When the Australian Wool Reserve Price Scheme collapsed in 1991, industry was left to deal with a stockpile of more than four million with little value wool bales.
As a result devastated graziers across the country were forced to cull their flock because it made economic sense.
Now WA producers are facing a similar crisis, only with a depressed market and an oversupply of hundreds of thousands of sheep, off the back of the Labor government's proposed live sheep export by sea ban.
Corrigin stud breeder and The Livestock Collective director Steve Bolt said this was the stark reality of what WA's sheep industry was facing - and the outlook was grim.
He blamed the state of industry on government interference and said it was time for Federal Agriculture Minister Murray Watt to "stand up and take responsibility for the disaster his government policy had created".
Mr Bolt said a human welfare and mental health crisis had also been created by the policy, as sheep producers deal with the seasonal conditions and challenging selling environment.
He blasted claims the oversupply of sheep in WA had been caused by the drought and said government was ignoring the impossible situation the pending live export ban had created for industry.
"Growers were already carrying over too many sheep from last year, when there weren't enough boats or processing capacity," Mr Bolt said.
"And now with poor seasonal conditions and a lack of feed, there is still not enough capacity for growers to sell surplus stock.

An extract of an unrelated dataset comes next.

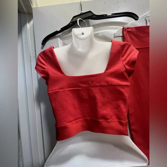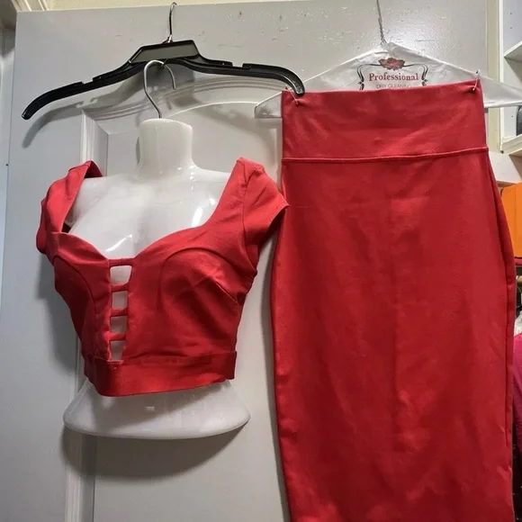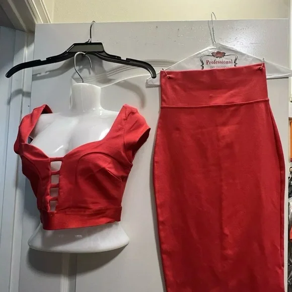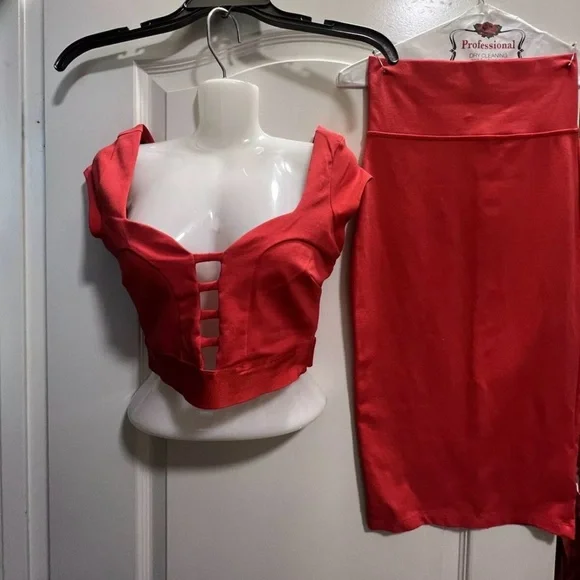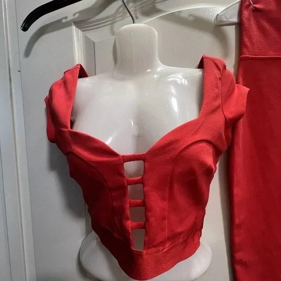 This bebe two-piece lace short skirt set in red is the perfect outfit for any occasion. The delicate lace fabric adds a touch of elegance, while the red color makes a bold statement. The set includes a skirt and top, both in size XS and made for a regular fit.The outfit is perfect for weddings, parties, or casual events. The fabric type is lace and it requires dry cleaning only. The set is pre-owned but in excellent condition. It is a must-have for any fashion-forward woman who wants to make a statement.
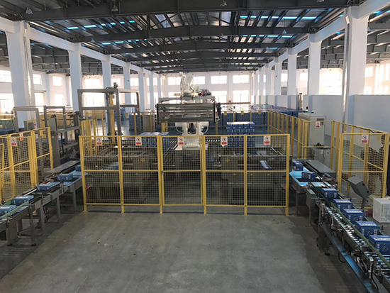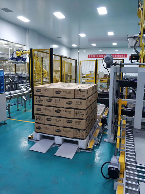 2、生产线中,机器人码垛可以灵活布局,可以同时码垛两条线或者多条线,是生产线末端进行码垛作业的理想之选。

"This has left them in an unknown situation as to what to do with all of these sheep."
Mr Bolt has had conversations with several concerned growers hit hard by uncertainty and lack of clarity about the proposed phase-out and its timeline.
"How did industry get to this point?" he said.
"We got to this point because the government took this position to phase-out the live export trade and it is getting worse everyday, compounded with incredibly high grain prices."
Looking ahead, with the poor seasonal conditions and huge number of producers who have considered not mating ewes, Mr Bolt believes there could be a 30 per cent reduction in lambs available for the trade in WA next year.
He said this would have consequences on the processing and exporting sectors - and all associated industries.
"Agents and truck drivers are flat out, but go around in 18 months time and what the bloody hell will we all be doing?" Mr Bolt said.
"This is what I've been telling the government for the past five years, I said if you go down this path this is what is going to happen.
"I said there will be a time when the Eastern States market won't be available, with the potential of no live export and in a drought situation, what will we do with all the sheep to prevent environmental and onfarm welfare damage?"
Mr Bolt added, "that's where we are at and the only thing that will undo it is a change of policy".
"That's the only thing that could prevent some people from offloading a large number of breeding ewes and exiting the industry," he said.
"We are heading down a one-way disastrous road and once again it is all consequences for industry, but no responsibility by government."